BEGIN

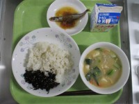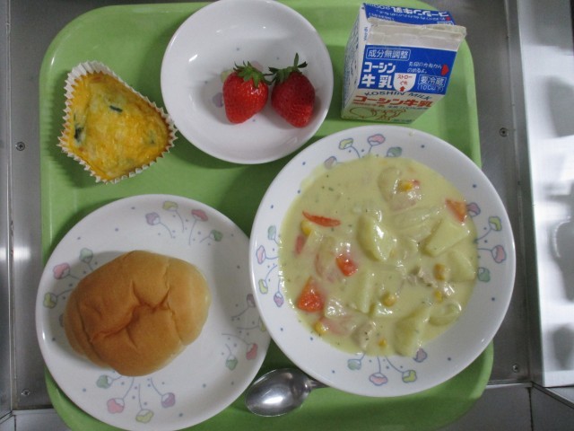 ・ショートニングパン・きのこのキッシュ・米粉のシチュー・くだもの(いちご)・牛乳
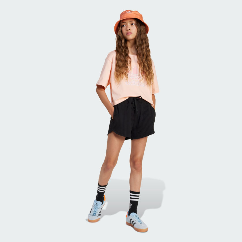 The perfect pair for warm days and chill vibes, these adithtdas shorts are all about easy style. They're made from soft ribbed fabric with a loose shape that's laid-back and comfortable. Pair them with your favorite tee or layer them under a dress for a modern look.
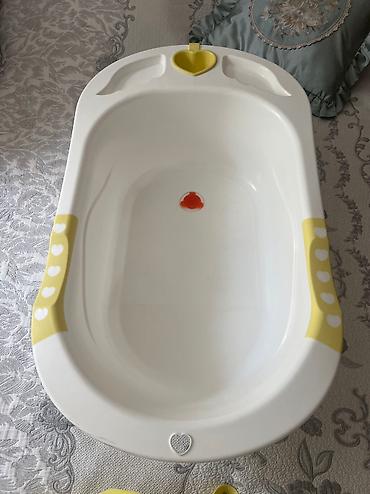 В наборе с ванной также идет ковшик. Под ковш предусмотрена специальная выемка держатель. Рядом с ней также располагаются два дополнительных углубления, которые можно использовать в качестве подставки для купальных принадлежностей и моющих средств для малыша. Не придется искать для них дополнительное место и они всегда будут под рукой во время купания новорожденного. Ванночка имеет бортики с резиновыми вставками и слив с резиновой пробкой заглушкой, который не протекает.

END

[WHAT THE TASK REQUIRES] Without including any pictures, copy every line above exactly.

[TASK ANSWER]
 ・ショートニングパン・きのこのキッシュ・米粉のシチュー・くだもの(いちご)・牛乳
 The perfect pair for warm days and chill vibes, these adithtdas shorts are all about easy style. They're made from soft ribbed fabric with a loose shape that's laid-back and comfortable. Pair them with your favorite tee or layer them under a dress for a modern look.
 В наборе с ванной также идет ковшик. Под ковш предусмотрена специальная выемка держатель. Рядом с ней также располагаются два дополнительных углубления, которые можно использовать в качестве подставки для купальных принадлежностей и моющих средств для малыша. Не придется искать для них дополнительное место и они всегда будут под рукой во время купания новорожденного. Ванночка имеет бортики с резиновыми вставками и слив с резиновой пробкой заглушкой, который не протекает.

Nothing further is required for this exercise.